Of dicts and arrays

Alexandre Ferrieux

unread,

May 12, 2007, 6:36:38 PM5/12/07

to

Hi,

After reading the rationale behind dicts in TIP 111
http://www.tcl.tk/cgi-bin/tct/tip/111.html , I'm a bit frustrated.
Sure enough, arrays not being first-class values is annoying (and
since Python has them, we couldn't survive the insult very long,
right ?).

But shall we keep two hashtable types side-by-side in the core of the
language ?
Isn't there a way of *implementing* arrays based on dicts, since
obviously the younger brother is brighter ?

-Alex

miguel sofer

unread,

May 12, 2007, 6:52:59 PM5/12/07

to

On May 12, 7:36 pm, Alexandre Ferrieux <alexandre.ferri...@gmail.com>
wrote:
> Hi,
>
> After reading the rationale behind dicts in TIP 111http://www.tcl.tk/cgi-bin/tct/tip/111.html, I'm a bit frustrated.

> Sure enough, arrays not being first-class values is annoying (and
> since Python has them, we couldn't survive the insult very long,
> right ?).
>
> But shall we keep two hashtable types side-by-side in the core of the
> language ?
> Isn't there a way of *implementing* arrays based on dicts, since
> obviously the younger brother is brighter ?
>
> -Alex

Mmhhh ... tough.

A dict is a value, its elements are values.
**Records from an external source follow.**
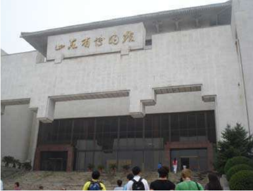
संग्रहालयाची भव्य दगडी इमारत

चीनमध्ये प्रत्येक प्रांताच्या राजधानीच्या ठिकाणी त्या प्रांताचे वैशिष्ट्य विशद करणारे संग्रहालय उभारलेले आहे. जीनान ही शानडॉंग प्रांताची राजधानी असून या शहरात चिनी प्रजासत्ताकाची स्थापना झाल्यावर लगेच या संग्रहालयाची स्थापना करण्यात आली. संग्रहालयाच्या जवळ पोहोचताच त्याची पांढऱ्या रंगाची दगडी इमारत आपल्या नजरेत भरते. जीना चढून संग्रहालयाच्या प्रवेशद्वाराकडे जाण्याआधी मोठ्या दगडात कोरलेल्या कासवाचे आपल्याला दर्शन होते. सहस्रबुद्ध डोंगराच्या पार्श्वभूमीवर बांधलेले हे वस्तुसंग्रहालय सुंदरच नाही तर भव्यदेखील आहे. यात २१,००० मीटर एवढा परिसर प्रदर्शनासाठी ठेवलेला आहे. या संग्रहालयात एकूण १०,५०० एवढ्या वस्तू आहेत. त्याचबरोबर १२,०००० एवढी पुस्तके आहेत. अशा भव्य संग्रहालयाचा जरा फेरफटका मारू या.
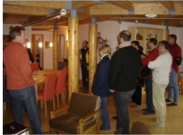
... in der Passivhausscheibe Salzkammergut
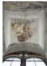
ND.II, Schosskapelle, Fensterzone, alttestament. Szene, DI002909, BSV
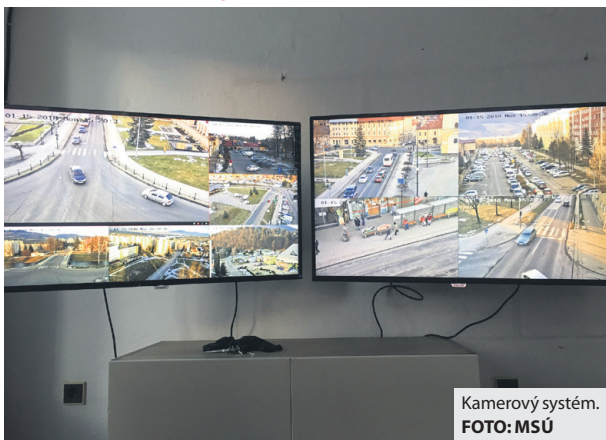
Kamerový systém.

Values in Tcl can't carry
state.

An array is a variable, its elements are also variables. Variables can
carry state.

Think for instance of traces: you can trace a whole array, or specific
elements. What would be the semantics of tracing a value? How would
they be represented in the string rep (remember EIAS)?

Alexandre Ferrieux

unread,

May 12, 2007, 7:05:25 PM5/12/07

to

On May 13, 12:52 am, miguel sofer <miguel.so...@gmail.com> wrote:
> On May 12, 7:36 pm, Alexandre Ferrieux <alexandre.ferri...@gmail.com>
> wrote:
>
> > Isn't there a way of *implementing* arrays based on dicts, since
> > obviously the younger brother is brighter ?
>

> A dict is a value, its elements are values. Values in Tcl can't carry
> state.
> An array is a variable, its elements are also variables. Variables can
> carry state.

Yes, but I was thinking about faking the copy-on-write semantics by
enforcing a refcount of always 1.
That is, implement the array as something that uses a dict internally,
but never exposes a reference to the dict value.
This way, for the [set a($x) $y] operation, an in-place variant of
[dict set] can be defined and used, since the refcount is 1.
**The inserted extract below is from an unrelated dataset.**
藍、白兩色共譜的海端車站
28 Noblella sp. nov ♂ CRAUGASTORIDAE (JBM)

> Think for instance of traces: you can trace a whole array, or specific
> elements. What would be the semantics of tracing a value? How would
> they be represented in the string rep (remember EIAS)?

I don't want to trace dicts, keys, or values. I'm not talking about
merging the notions of dicts and array. I am aware of the heavy
machinery needed to implement variables. I'm only after a
reimplementation of arrays which leverages the existence of dicts...

-Alex

Neil Madden

unread,

May 12, 2007, 7:11:31 PM5/12/07

to

Hmm... both *are* implemented using the same hashtable implementation
though, right?

Oh, and there's namespaces too, of course...

-- Neil

sleb...@gmail.com

unread,

May 12, 2007, 7:17:32 PM5/12/07

to

On May 13, 6:36 am, Alexandre Ferrieux <alexandre.ferri...@gmail.com>
wrote:

> But shall we keep two hashtable types side-by-side in the core of the
> language ?
> Isn't there a way of *implementing* arrays based on dicts, since
> obviously the younger brother is brighter ?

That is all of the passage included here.